Despite the CRCS’s successes during the First World War, the interwar years led to “mission drift” as the organisation struggled to find a place for itself in peacetime society. A move into public health work emphasising, among numerous other things, the prevention of disease, health care education, and healthy bodies led to financial difficulties when the Great Depression hit and fundraising activities came up dry. Assistance for veterans and general relief measures kept the society afloat, but volunteers nonetheless deserted in droves and the interwar years proved that no voluntary organisation, “no matter how prestigious or widely supported, could provide comprehensive services in the fields of public health or social welfare” (p. 160). Glassford’s emphasis on the constant tension between public and private and the creeping influence of big government over time is a recurring theme, and she does an excellent job of highlighting both the CRCS’s triumphs and struggles amidst those changes.    

It must be said that at the back of this reviewer’s mind, and I am sure many others’ when they began reading this book, was whether Glassford would address the event (unfortunately) most remembered by Canadians in the past several decades: the “Tainted Blood Scandal” of the 1980s, which led to thousands of Canadians contracting HIV and Hepatitis C, and blood transfusion services being (voluntarily) removed as one of the CRCS’s activities. Although Glassford’s account stops at 1970, to her credit she does address the scandal briefly in her conclusion, and acknowledges the mistakes that were made. This frankness is important, and also helps the book to remain a strong and honest account of the CRCS’s successes, trials, and tribulations, rather than letting it edge into hagiographical territory.
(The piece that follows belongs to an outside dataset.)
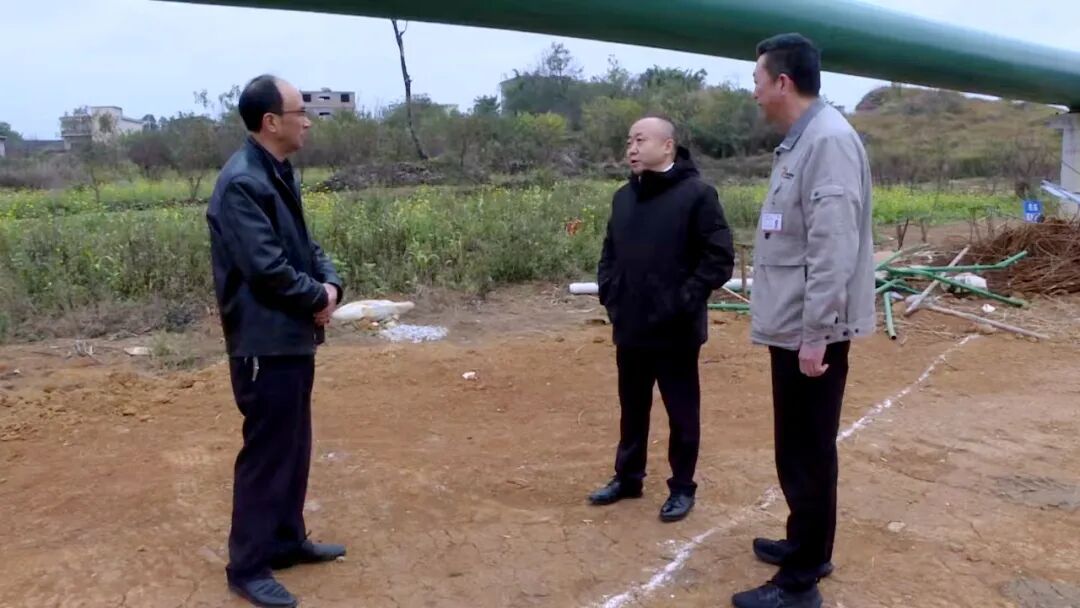 在黄桶街道安顺电厂长输蒸汽管线项目施工点,吕庆实地查看管线建设情况,与企业负责同志深入交流,详细了解项目供气量及供气地区。

Although I wish the book had extended beyond 1970, she has nonetheless left the door open for future historians to trace the difficulties the CRCS experienced during the Tainted Blood Scandal and its subsequent activities in the early twenty-first century.

Mobilizing Mercy is an engaging and well-written account of the CRCS’s history, and, given that McKenzie Porter’s 1960 CRCS-approved (and mainly anecdotal) monograph To All Men: The Story of the Canadian Red Cross has been the standard work on the organisation since its publication over sixty years ago, Glassford’s book is timely and needed.[1] She has provided a new and refreshing addition to the CRCS’s history using a wide range of sources, and has managed a multitude of themes and issues with verve. Given the ubiquity of the Red Cross and how important the CRCS has been to Canadian society, it behooves those interested in humanitarian aid in Canada, and those studying the growth of the big state, among other things, to read this book. Lastly, Mobilizing Mercy will of course be of particular use to other (international) historians studying national Red Cross/Crescent/Crystal branches around the world. I learned a lot from this book, and as Glassford convincingly demonstrates, the history of the CRCS to a large degree mirrors that of Canada itself.


[1] McKenzie Porter, To All Men: The Story of the Canadian Red Cross (Toronto: McClelland & Stewart, 1960).